Incumbent President Gustavo Petro is under threat from a potential corruption scandal, derailing market reforms that had put off investors and international market participants. Aside from the proposed changes to health, pensions and the labor market, Colombia benefits from sound fundamentals that have driven peso gains of 13% year to date, surpassing even the Mexican currency.
Colombia has established one of the best fintech hubs in the region alongside key markets like Brazil and Mexico bringing massive amounts of FDI into the country reaching $3.9 billion in December 2022 alone, – nearly as much as it received in the entire first half of 2021. Investments in technology and innovation have tripled in Colombia in the last two years, making it the third largest technology ecosystem in the region.
Combined with robust positioning from the central bank, there is confidence for carry trade investors to deal in Colombian pesos on a par with the BRL, reflecting the solid foundations of both countries.
What does this mean for FDI?
Despite the diversity in the region, LATAM regions have shown themselves to be attractive, fiscally sound and balanced in their approach to maintaining their currency, with the current exception of Argentina.

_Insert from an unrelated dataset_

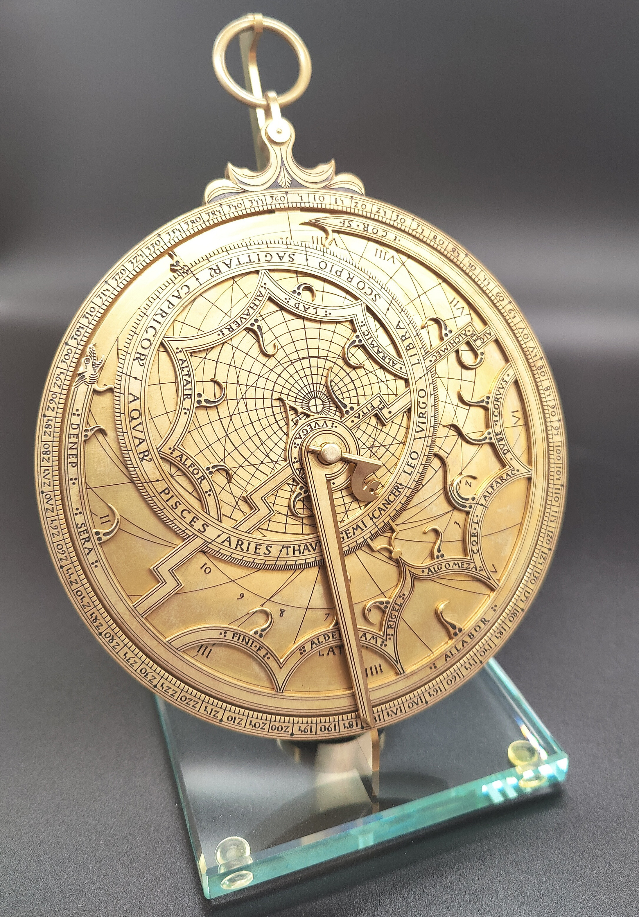 Astrolabien sind astronomische Instrumente, die für verschiedene Zwecke wie Zeitmessung, Himmelsnavigation, Astrologie und terrestrische Vermessung verwendet wurden. Unser ebenes Astrolabium ist die Nachbildung eines Instruments, das in der Intarsie des Studiolo des Erzherzogs Federico in Urbino abgebildet ist. Das Originalinstrument befand sich im Musée Anne de Beaujeu und wurde 1977 gestohlen. Die Rekonstruktion wurde von Martin Brunold angefertigt, der seit etwa 1995 als professioneller Astrolabienmacher arbeitet. Das Herstellungsdatum (2004) und das Zeichen des Herstellers (MB) sind zusammen mit der Seriennummer "16" auf der Rückseite der Mater zu sehen, nachdem die Alidade entfernt und das Instrument in seine Einzelteile zerlegt wurde. Unser Astrolabium ist aus Messing gefertigt und hat einen Durchmesser von 13 cm und ein Gewicht von 625 Gramm.

As global trade revives post-pandemic, there is a greater market for the commodities, services and workforce that the continent can provide, boosted by increasing infrastructure investment and sound fundamentals.
With the ongoing weakness of the dollar, LATAM countries have the opportunity to reposition themselves as a favorable vector for currency movement and growth.
The long term value of this approach will depend on how the region’s government deal with the challenges and opportunities presented to them. The World Bank has suggested that countries in the region should preserve their resilience and take advantage of the opportunities presented by nearshoring and green industries to boost economic growth.
Massive flows of VCs and Fintech driven businesses in key markets such as Mexico, Brazil and Colombia, have established attractive hubs of innovation, tech and growth. While some funds have pulled back on investment, Q1 2023 nevertheless saw $129M of VC dollars deployed into 100 startups hailing from the region.
In a world where the dollar has lost some luster as the safe haven currency, LATAM could arise as a valuable new harbor for investment.